■ **Data in this exercise**:
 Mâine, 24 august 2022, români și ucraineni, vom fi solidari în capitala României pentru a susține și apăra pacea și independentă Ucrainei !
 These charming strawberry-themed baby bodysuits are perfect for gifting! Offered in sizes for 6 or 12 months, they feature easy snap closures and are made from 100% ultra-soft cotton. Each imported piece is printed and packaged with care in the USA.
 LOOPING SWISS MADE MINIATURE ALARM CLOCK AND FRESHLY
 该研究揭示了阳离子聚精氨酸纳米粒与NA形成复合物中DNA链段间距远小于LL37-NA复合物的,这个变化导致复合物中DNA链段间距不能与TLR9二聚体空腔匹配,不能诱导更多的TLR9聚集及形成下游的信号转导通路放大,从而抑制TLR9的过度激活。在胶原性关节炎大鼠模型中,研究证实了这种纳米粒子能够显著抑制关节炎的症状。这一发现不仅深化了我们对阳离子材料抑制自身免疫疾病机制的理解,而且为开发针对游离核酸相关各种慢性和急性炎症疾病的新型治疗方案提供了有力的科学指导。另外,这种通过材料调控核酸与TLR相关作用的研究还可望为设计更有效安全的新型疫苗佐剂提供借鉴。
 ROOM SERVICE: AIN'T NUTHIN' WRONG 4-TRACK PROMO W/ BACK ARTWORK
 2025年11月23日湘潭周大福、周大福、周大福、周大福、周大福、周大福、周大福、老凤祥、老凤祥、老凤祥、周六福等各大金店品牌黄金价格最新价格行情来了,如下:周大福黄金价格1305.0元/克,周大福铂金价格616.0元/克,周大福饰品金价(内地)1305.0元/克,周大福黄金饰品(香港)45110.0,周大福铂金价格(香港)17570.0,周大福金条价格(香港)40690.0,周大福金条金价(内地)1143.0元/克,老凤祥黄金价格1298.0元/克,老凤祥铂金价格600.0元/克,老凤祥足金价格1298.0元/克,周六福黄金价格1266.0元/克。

...

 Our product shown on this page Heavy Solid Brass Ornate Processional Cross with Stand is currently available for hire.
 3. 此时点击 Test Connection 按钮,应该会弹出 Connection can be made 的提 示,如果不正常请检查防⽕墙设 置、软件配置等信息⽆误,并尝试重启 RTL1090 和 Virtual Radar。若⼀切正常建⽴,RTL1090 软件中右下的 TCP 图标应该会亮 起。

* * *

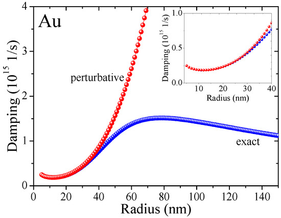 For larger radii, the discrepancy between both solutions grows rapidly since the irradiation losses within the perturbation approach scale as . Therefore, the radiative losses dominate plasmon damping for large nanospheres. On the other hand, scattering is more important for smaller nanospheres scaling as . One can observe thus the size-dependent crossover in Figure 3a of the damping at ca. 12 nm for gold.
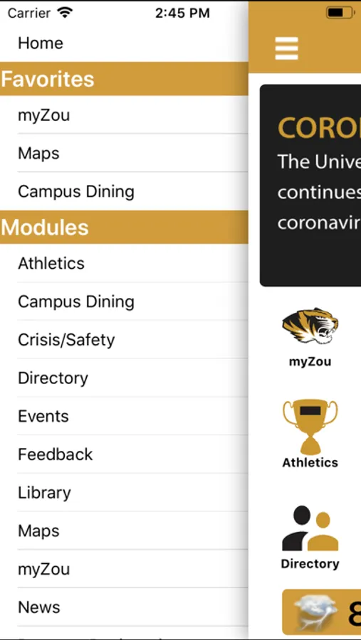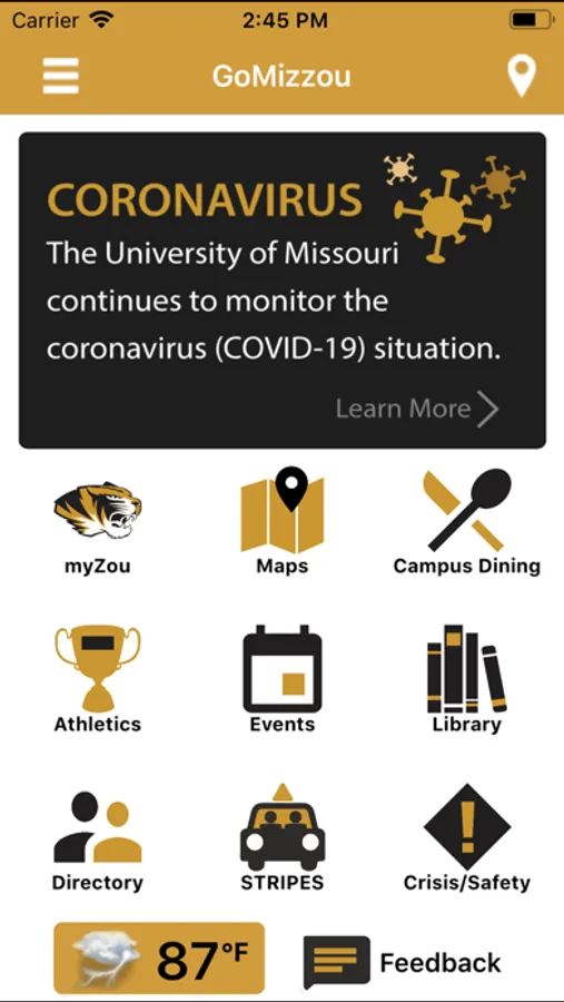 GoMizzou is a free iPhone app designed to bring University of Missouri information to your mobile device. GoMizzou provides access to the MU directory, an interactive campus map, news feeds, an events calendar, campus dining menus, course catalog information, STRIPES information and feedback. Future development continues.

■ **Exercise**:
Reproduce only the lines above, starting at the line with "LOOPING SWISS MADE" and ending at the line with "该研究揭示了阳离子聚精氨酸纳", exactly as written.

■ **Finished task**:
 LOOPING SWISS MADE MINIATURE ALARM CLOCK AND FRESHLY
 该研究揭示了阳离子聚精氨酸纳米粒与NA形成复合物中DNA链段间距远小于LL37-NA复合物的,这个变化导致复合物中DNA链段间距不能与TLR9二聚体空腔匹配,不能诱导更多的TLR9聚集及形成下游的信号转导通路放大,从而抑制TLR9的过度激活。在胶原性关节炎大鼠模型中,研究证实了这种纳米粒子能够显著抑制关节炎的症状。这一发现不仅深化了我们对阳离子材料抑制自身免疫疾病机制的理解,而且为开发针对游离核酸相关各种慢性和急性炎症疾病的新型治疗方案提供了有力的科学指导。另外,这种通过材料调控核酸与TLR相关作用的研究还可望为设计更有效安全的新型疫苗佐剂提供借鉴。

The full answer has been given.